The market has been quite turbulent over the past few days, but the price depreciation on Wednesday managed to leave evident scars. Bitcoin, the market’s crypto-leader, led the crash and most alts, barring a few, went down the same road. Having a long-term horizon and adapting to circumstances in situations like these is the key to preventing portfolios from getting wrecked.
With traders and other people from the industry already acknowledging the ‘correction phase,’ the market has started to show signs of recovery. The lead again, as anticipated, has been taken by Bitcoin.
Commenting on the ongoing market situation, Amsterdam-based technical analyst Michaël van de Poppe recently asserted that the markets wouldn’t be heading towards their former lows again. He said,
“Given the market structure did not shift at all, what’s most likely to happen from here in the next few weeks is that we’ll just be gaining it back.”
Can Bitcoin bounce back?
Even though the latest price correction was way deeper than what was anticipated by analysts, on zooming out, it is evident that Bitcoin is still in a bull cycle. After witnessing a dip of more than 47 percent in five days in March last year, the coin did not stumble back to breach its own lows on the charts.
The termination of a corrective move is characterized by a gigantic wick on the charts. Usually, sideways action is expected in the area where the weekly closes. Analyzing the same for Bitcoin using the above chart, the analyst added,
“Weekly looks quite interesting at this stage. We’ve got a giant wick and we’re probably going to have bottoming construction here.”
He further went on to point out that the upcoming week looked pretty “interesting” for longs, with the analyst claiming that the $43k, $46k, $49k, and $54k levels were key resistance levels for the world’s biggest crypto.
“Those are the levels we have to break through, and given that we had such a big crash, it doesn’t seem likely that we are out of the blue back here inside the impulse wave. The volatility has to drop down significantly through which there’s most likely a range bound structure.”
What’s in store for the market’s alts?
Most of the altcoins were victims of a massive fall over the last couple of days too. According to Van de Poppe, “All altcoins have been seeing pain at this stage.” Nonetheless, there is something to look forward to. The analyst believes,
“If Bitcoin is making the run further up, we’re going to have altcoins following soon.”
As underlined by the analyst associated with Rekt Capital, when Bitcoin crashed in March 2020, it recovered by more than 39 percent after bottoming. After if its latest crash, it’s quite evident that Bitcoin has followed the same pattern, having already recovered more than 39 percent – A good sign for the market’s alts.
Additionally, at press time, most of the big alts were positively correlated with Bitcoin [Ethereum (+0.92), Litecoin (+0.89), XRP (+0.86), and Cardano (+0.82)]. This further implied that they are in the same boat and are heading together in the same direction.

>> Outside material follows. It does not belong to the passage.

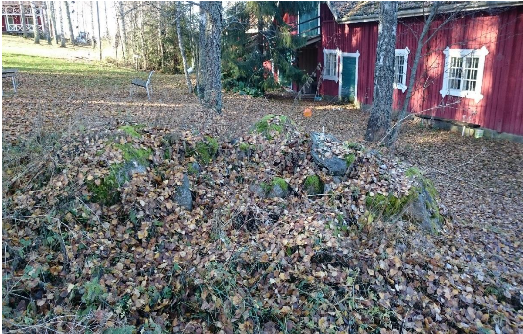
Kuva 12. Vanhan navetan itäkulman edustalla oleva röykkiö. Kuvattu itäkaakosta.

B. Cederhvarfin vuonna 1910 kartoittamat röykkiöt eivät sijoitu valvonta-alueelle. Alueen itäosalla, navetan itäkulman edustalla on havaittavissa suurehko röykkiö. Toinen on tästä röykkiöstä itään, vesoittuneen alueen reunamilla. Nämä röykkiöt voivat olla puutarhan muokkauksessa siirrettyjen entisten rakennusten perustuksia tai aikaisempaa perua. Otettava huomioon maankäyttöä suunniteltaessa.

After months of declining dominance, Bitcoin has gradually started gaining momentum back in the past few days. Ergo, it goes without saying that the current recovery would predominantly depend on how Bitcoin progresses.
However, as previously mentioned, a dead cat bounce is possible before Bitcoin escalates further and the crypto’s price could fall back to $35,000 before it climbs up the ladder. However, if the price manages to sustain a breach of the $42,200-mark, the bearish short-term structure could be negated.